_Source data:_
################

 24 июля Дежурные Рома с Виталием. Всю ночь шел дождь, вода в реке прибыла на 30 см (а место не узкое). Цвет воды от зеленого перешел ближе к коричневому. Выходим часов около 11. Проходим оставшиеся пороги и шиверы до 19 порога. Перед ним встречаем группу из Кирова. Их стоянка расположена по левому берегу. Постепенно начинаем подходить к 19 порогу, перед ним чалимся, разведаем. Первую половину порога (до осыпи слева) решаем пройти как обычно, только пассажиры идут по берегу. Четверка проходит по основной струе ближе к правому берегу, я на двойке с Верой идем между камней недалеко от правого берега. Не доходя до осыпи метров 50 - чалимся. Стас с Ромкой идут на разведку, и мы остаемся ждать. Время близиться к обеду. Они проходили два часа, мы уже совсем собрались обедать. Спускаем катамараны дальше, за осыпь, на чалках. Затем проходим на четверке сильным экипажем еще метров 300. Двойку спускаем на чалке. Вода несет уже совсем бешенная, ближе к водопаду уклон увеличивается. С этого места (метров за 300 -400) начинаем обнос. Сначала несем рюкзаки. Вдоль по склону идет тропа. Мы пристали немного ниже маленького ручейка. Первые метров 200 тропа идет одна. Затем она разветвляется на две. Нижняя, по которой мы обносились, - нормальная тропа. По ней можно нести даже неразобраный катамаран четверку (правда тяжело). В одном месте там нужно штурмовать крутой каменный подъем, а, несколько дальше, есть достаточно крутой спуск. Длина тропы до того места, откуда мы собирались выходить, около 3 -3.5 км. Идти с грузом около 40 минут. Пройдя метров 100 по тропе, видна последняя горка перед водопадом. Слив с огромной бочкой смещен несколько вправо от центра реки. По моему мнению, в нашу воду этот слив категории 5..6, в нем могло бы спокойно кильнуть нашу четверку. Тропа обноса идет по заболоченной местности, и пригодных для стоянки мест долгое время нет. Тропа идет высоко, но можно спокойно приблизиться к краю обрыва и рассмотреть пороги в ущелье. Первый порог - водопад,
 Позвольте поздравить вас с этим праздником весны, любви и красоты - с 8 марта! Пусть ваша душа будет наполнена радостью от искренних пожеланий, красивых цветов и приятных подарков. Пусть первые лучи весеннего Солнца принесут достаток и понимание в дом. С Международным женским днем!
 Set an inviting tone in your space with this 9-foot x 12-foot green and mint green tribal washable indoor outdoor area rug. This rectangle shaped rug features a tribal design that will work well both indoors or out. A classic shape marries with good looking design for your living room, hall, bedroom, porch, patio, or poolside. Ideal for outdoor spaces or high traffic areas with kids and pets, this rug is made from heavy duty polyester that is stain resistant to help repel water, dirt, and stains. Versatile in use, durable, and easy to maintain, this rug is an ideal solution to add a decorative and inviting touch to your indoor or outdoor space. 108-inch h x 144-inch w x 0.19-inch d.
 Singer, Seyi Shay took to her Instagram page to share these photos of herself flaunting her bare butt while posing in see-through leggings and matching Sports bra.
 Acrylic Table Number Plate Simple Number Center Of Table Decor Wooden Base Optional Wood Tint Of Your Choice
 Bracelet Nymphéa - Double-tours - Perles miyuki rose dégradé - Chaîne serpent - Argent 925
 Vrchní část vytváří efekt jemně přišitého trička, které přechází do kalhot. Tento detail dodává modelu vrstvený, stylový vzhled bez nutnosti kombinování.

################

Copy out only the lines above from the one with "Set an inviting" to the one with "Singer, Seyi Shay", inclusive, exactly as they stand.

 Set an inviting tone in your space with this 9-foot x 12-foot green and mint green tribal washable indoor outdoor area rug. This rectangle shaped rug features a tribal design that will work well both indoors or out. A classic shape marries with good looking design for your living room, hall, bedroom, porch, patio, or poolside. Ideal for outdoor spaces or high traffic areas with kids and pets, this rug is made from heavy duty polyester that is stain resistant to help repel water, dirt, and stains. Versatile in use, durable, and easy to maintain, this rug is an ideal solution to add a decorative and inviting touch to your indoor or outdoor space. 108-inch h x 144-inch w x 0.19-inch d.
 Singer, Seyi Shay took to her Instagram page to share these photos of herself flaunting her bare butt while posing in see-through leggings and matching Sports bra.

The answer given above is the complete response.